2022-10-06 09:35:47 | 企業
1980年代、日本経済はジャパン・アズ・ナンバーワンと称されていて、企業の時価総額ランキングでは、世界のトップ10社の中に日本企業が7社も入っていた。ところが現在では、トップ50社の中にトヨタが36位と1社入っているだけである。

1980年代当時日本的経営が理想的な経営とみられていた。しかし、現在では年功序列、終身雇用制で、役員も社長も基本的に社員から出る日本的経営が日本企業衰退の原因と見做されている。

年功序列制度の最大の問題は無能な社員が上司として部下を持つことにある。組織の能力はそのトップの能力によって制限される。どんなに優秀な部下がそろっていてもその部署のトップが無能だと能力を発揮することはできない。

無能な社員が年齢が一定に達したというだけで上司としてその組織のトップにつけば、それだけでその部署は十分な働きができない。日本の大企業には部や課等多くの組織があり、そのかなりな部分に年功だけでトップになった者が居座ることで、日本の大企業は優秀な人材を集めているにもかかわらず、お粗末な成果しかあげられていない。

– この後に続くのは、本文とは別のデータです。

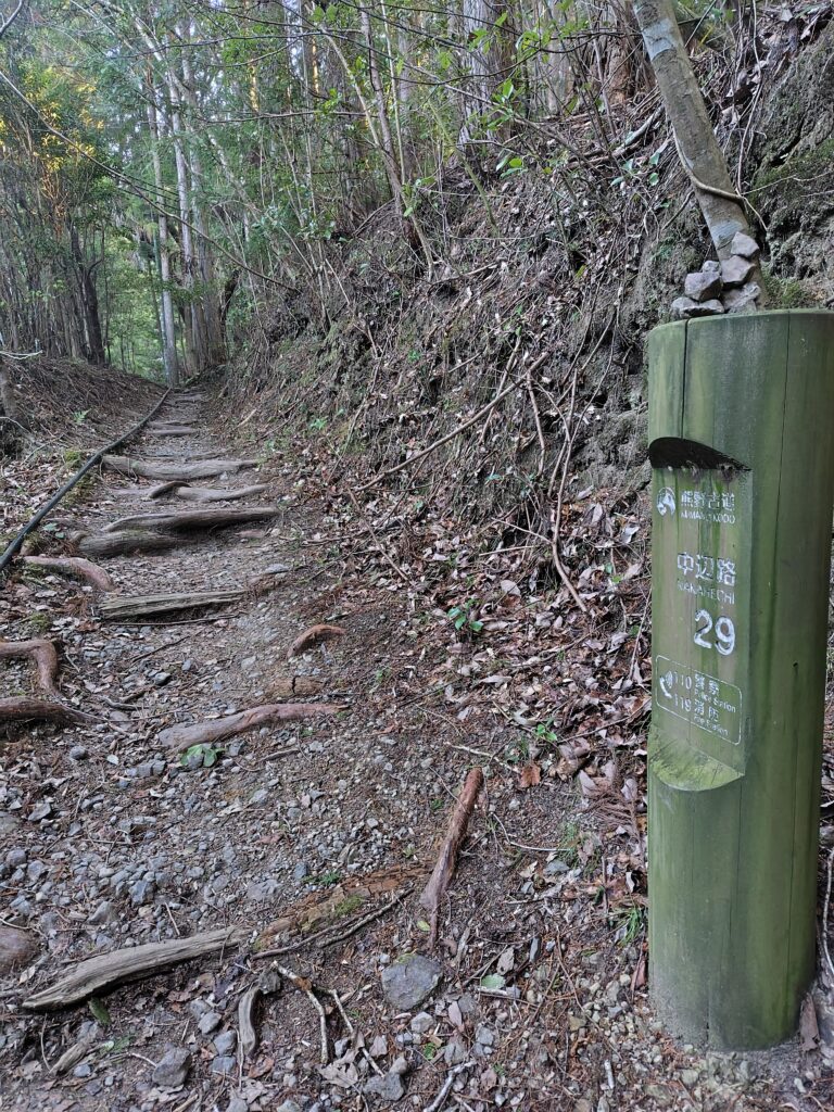 がけ崩れで迂回になってた岩神王子周辺は改修工事完了してて、オリジナル古道をひたすら上り下り。
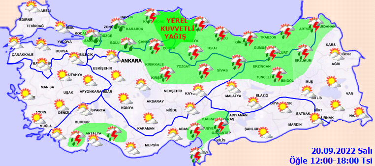 Meteoroloji'den alınan bilgiye göre, İç Anadolu’nun kuzeydoğusu, Karadeniz ile Kocaeli, Sakarya, Antalya’nın iç kesimleri, Osmaniye, Hatay kıyıları, Kahramanmaraş, Gaziantep, Erzincan, Erzurum, Tunceli, Bingöl ve Ardahan çevrelerinin yerel olmak üzere sağanak ve gök gürültülü sağanak yağışlı geçecek.

また、その年功人事の中で育った人間が様々な部署を経験し経営トップまで上り詰めるのに必要なものは仕事の能力ではない。

年功序列組織のそれぞれの段階の上司から高評価を受け続ける為に有効なのは明らかにどんな上司にも好かれる世渡りの能力である。

日本の経営者が調整能力はあるが、専門的知識や能力に関しては欧米の経営者に大きく劣り、新規事業の開発や迅速な意思決定において後れをとるのは、その選考過程の欠点にある。

年功序列を止め、経営専門家を育成し彼らをトップに据える人事体制を確立できない限り、今後も日本企業は負け続けることになる。